Male children. While it is often assumed that the probabilities of having a boy or a girl are the same, the actual probability of having a boy is slightly higher at 0.51. Suppose a couple plans to have 3 kids.

  1. Use the binomial model to calculate the probability that two of them will be boys.
factorial(3)/(factorial(2)*factorial(1))*0.51^2*(1-0.51)
## [1] 0.382347
  1. Write out all possible orderings of 3 children, 2 of whom are boys. Use these scenarios to calculate the same probability from part (a) but using the addition rule for disjoint outcomes. Confirm that your answers from parts (a) and (b) match.

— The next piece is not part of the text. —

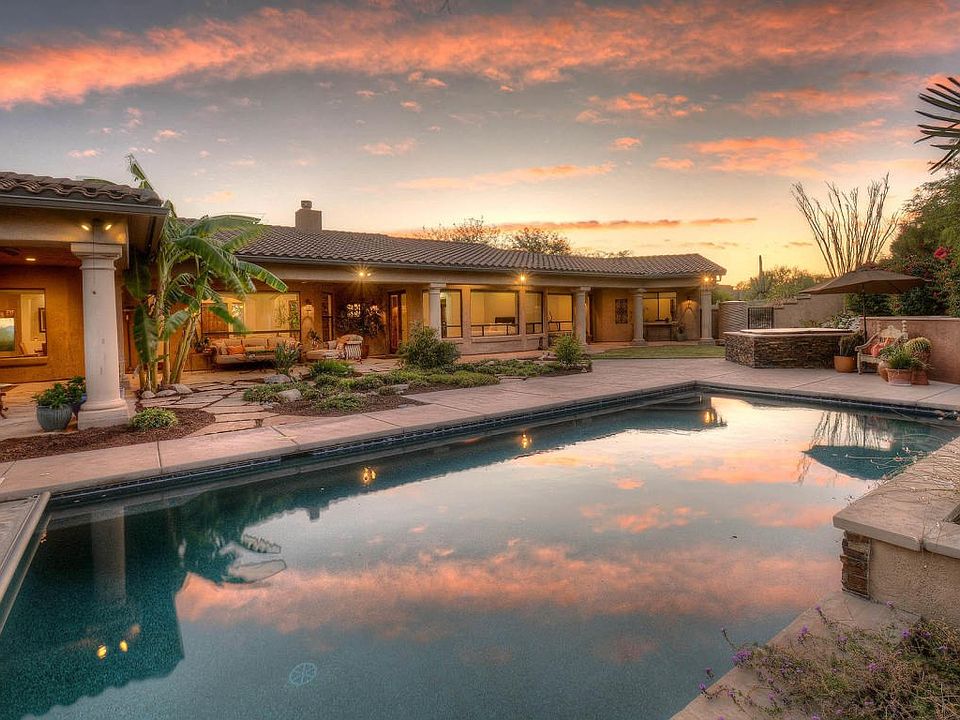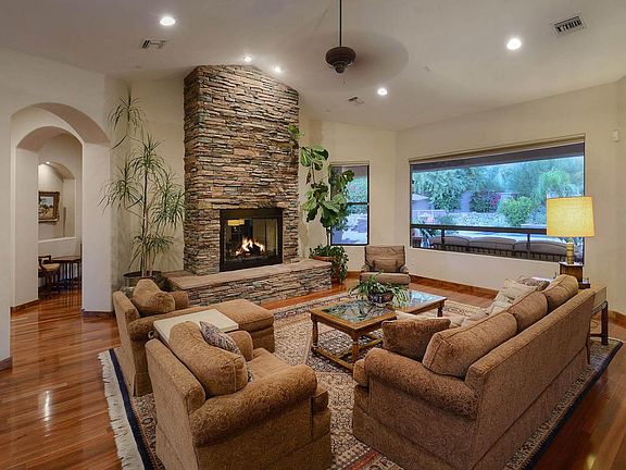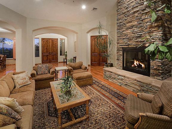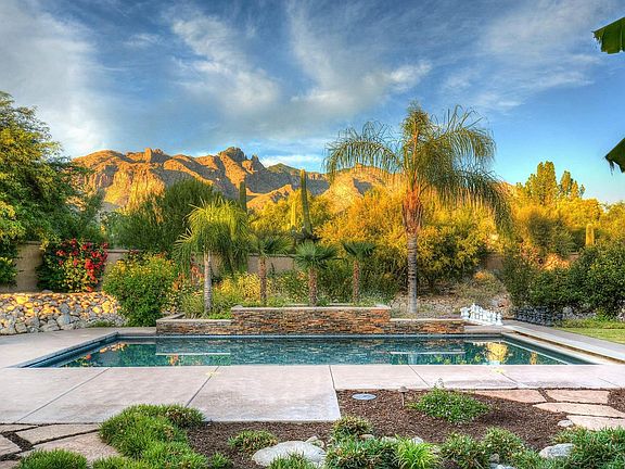 Magnificent custom home built in 2007 looks brand new features gleaming Brazilian mesquite floors, fantastic split plan, game rm, attached guest house, loaded chef's kitchen w/Wolf range &Subzero fridge , formal & informal dining, home office, studio/den, luxurious master suite, all en suite baths, glorious mountain and city VIEWS, stunning landscape incl grove of fruit trees (apricot, bananna, pear, grapefruit & more). Custom crafted with beautiful finishes & perfect for family living. LOCATION is amazing; La Encantada is .5 mile away & Banner/UMC is a straight shot down Campbell. Small gated community RARELY has home for sale - enjoy views from practically every room - or relax on the deep shady porch after a dip in the lovely pool Best in the foothills in this price point - WOW!
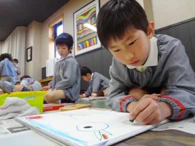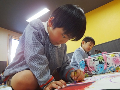 おもいっきりパスや絵の具を使って描いていましたよ\(^o^)/

We have three chirldren A, B and C, the combination of two of them are boys as follows

BBG<-0.51*0.51*0.49
BGB<-0.51*0.49*0.51
GBB<-0.49*0.51*0.51

sum(BBG,BGB,GBB)
## [1] 0.382347
  1. If we wanted to calculate the probability that a couple who plans to have 8 kids will have 3 boys, briefly describe why the approach from part (b) would be more tedious than the approach from part (a).
factorial(8)/(factorial(3)*factorial(5))
## [1] 56

Answer: It is very tedious because we have 56 combinations to caculate the posiblility.

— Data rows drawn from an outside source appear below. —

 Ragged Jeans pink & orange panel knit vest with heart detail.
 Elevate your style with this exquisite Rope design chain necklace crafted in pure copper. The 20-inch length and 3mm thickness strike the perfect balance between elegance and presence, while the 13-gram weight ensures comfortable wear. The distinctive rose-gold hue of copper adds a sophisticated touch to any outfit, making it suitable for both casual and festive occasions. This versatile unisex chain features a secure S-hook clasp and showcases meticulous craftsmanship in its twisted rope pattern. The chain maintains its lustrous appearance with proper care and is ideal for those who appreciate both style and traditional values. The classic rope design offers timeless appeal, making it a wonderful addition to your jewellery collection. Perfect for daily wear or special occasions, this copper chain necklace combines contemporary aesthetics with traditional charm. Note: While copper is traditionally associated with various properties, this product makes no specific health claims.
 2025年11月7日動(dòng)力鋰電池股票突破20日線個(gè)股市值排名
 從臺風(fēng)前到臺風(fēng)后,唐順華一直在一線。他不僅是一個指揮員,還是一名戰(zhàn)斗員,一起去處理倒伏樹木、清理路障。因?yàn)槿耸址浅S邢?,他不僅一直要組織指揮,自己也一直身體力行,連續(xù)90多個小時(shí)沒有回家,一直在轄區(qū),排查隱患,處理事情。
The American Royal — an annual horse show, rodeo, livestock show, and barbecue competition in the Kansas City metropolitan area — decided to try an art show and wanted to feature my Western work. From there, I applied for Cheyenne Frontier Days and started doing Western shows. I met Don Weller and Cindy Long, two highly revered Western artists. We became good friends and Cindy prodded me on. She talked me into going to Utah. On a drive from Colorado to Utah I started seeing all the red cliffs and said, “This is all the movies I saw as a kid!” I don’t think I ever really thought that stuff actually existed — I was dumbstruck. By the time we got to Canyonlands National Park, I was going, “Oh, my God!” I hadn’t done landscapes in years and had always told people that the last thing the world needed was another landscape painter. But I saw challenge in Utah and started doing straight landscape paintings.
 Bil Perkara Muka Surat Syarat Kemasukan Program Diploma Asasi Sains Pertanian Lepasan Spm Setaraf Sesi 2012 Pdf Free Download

Serving in volleyball. (4.30, p. 162) A not-so-skilled volleyball player has a 15% chance of making the serve, which involves hitting the ball so it passes over the net on a trajectory such that it will land in the opposing team’s court. Suppose that her serves are independent of each other.

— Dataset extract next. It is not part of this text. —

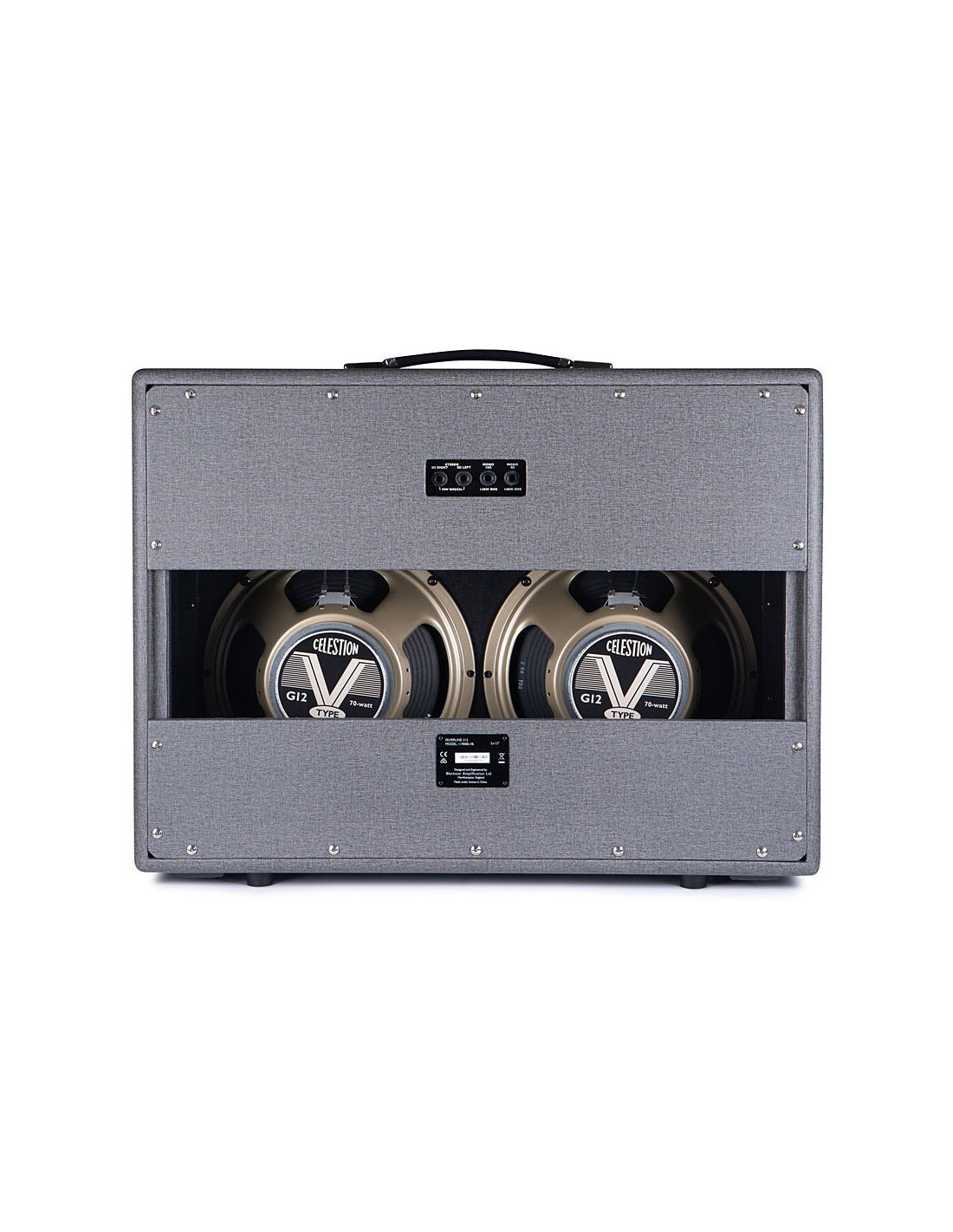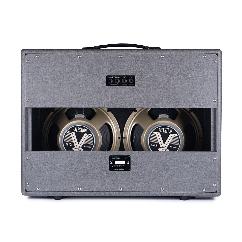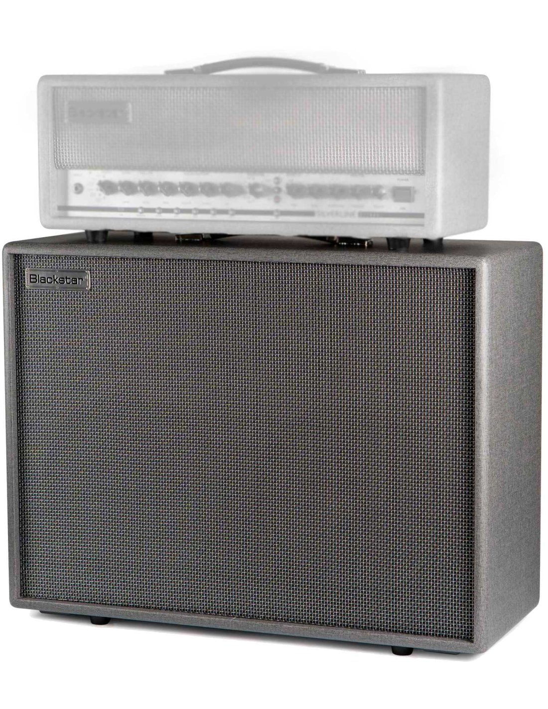 SILVERLINE 2x12 CABINET electric guitar cabinet. With two 12” Celestion V Type speakers. Designed to be combined with BLACKSTAR SILVERLINE DELUXE HEAD or SILVERLINE STEREO DELUXE. “Boutique Silver” silver tolex finish with front metallic logo

  1. What is the probability that on the 10th try she will make her 3rd successful serve?
choose(9,2)*0.15^3*0.85^7
## [1] 0.03895012
  1. Suppose she has made two successful serves in nine attempts. What is the probability that her 10th serve will be successful?

Answer: Everyone serrves is independtly, so the probability of her 10th serve will be sucessful is 15%

  1. Even though parts (a) and (b) discuss the same scenario, the probabilities you calculated should be different. Can you explain the reason for this discrepancy?

Answer: Part (a) calculate the third successful serve base on the 10th try, so it have fix number of trials, it is negative binomial distribution. Part (c) only discuss the third serve, which is independent.